Each line of the data below goes into the copy exactly; pictures do not.

__COLLECTED DATA__
==========

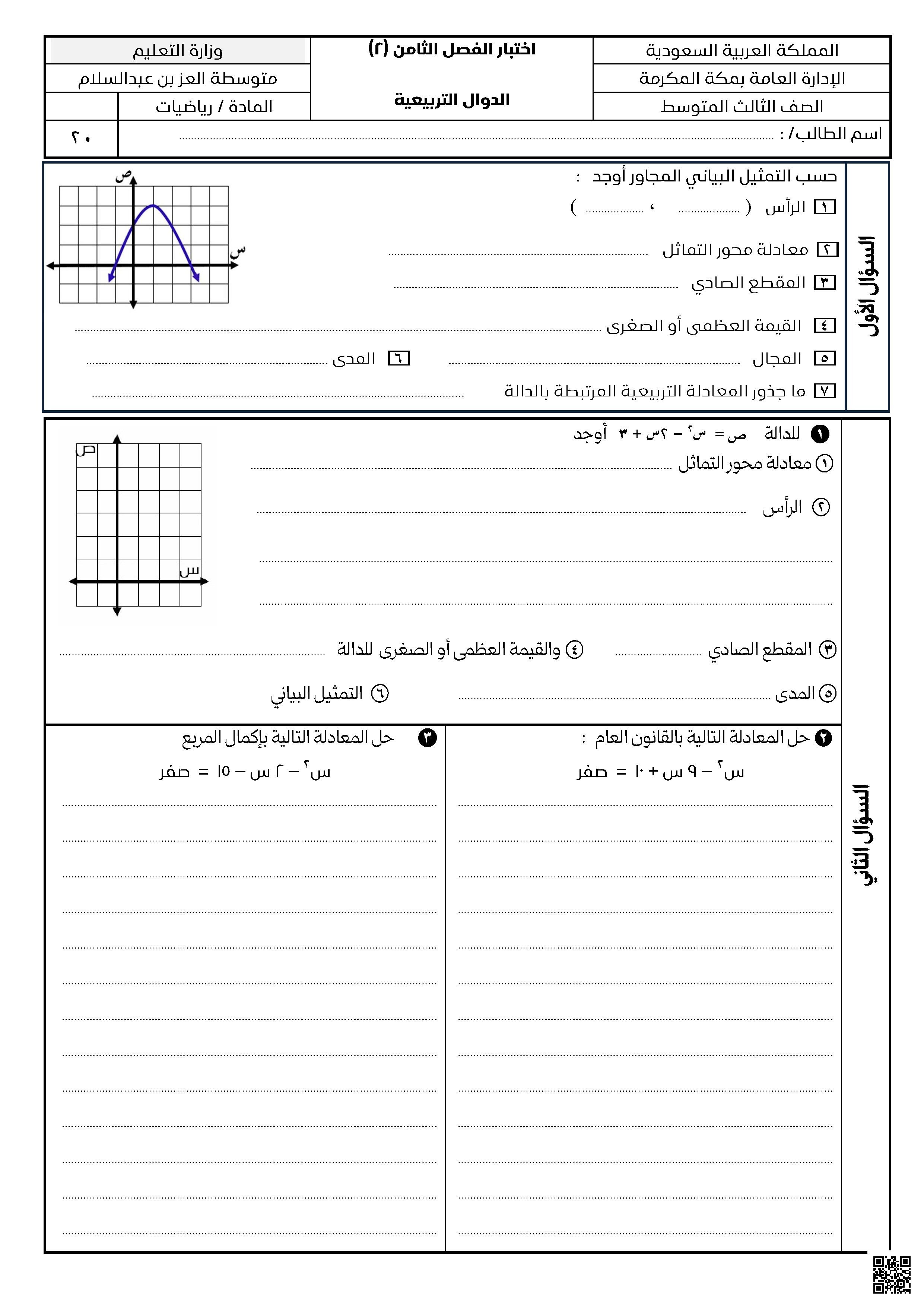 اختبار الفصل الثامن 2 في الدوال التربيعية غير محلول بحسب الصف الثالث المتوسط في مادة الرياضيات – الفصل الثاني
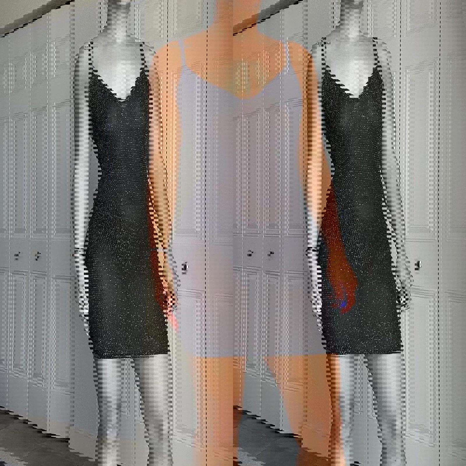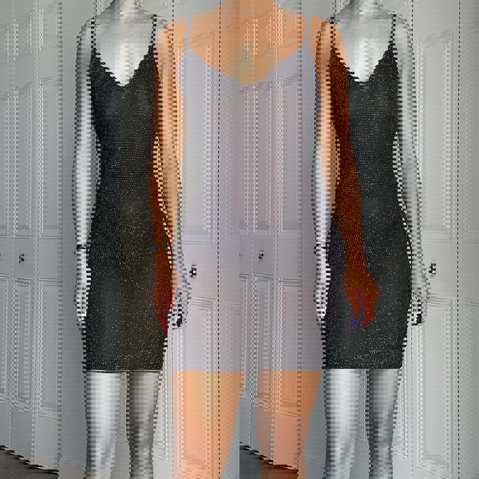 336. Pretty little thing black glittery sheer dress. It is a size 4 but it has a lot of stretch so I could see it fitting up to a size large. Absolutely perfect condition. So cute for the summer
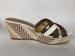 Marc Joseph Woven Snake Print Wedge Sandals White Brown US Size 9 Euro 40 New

==========

__OUTPUT__
 اختبار الفصل الثامن 2 في الدوال التربيعية غير محلول بحسب الصف الثالث المتوسط في مادة الرياضيات – الفصل الثاني
 336. Pretty little thing black glittery sheer dress. It is a size 4 but it has a lot of stretch so I could see it fitting up to a size large. Absolutely perfect condition. So cute for the summer
 Marc Joseph Woven Snake Print Wedge Sandals White Brown US Size 9 Euro 40 New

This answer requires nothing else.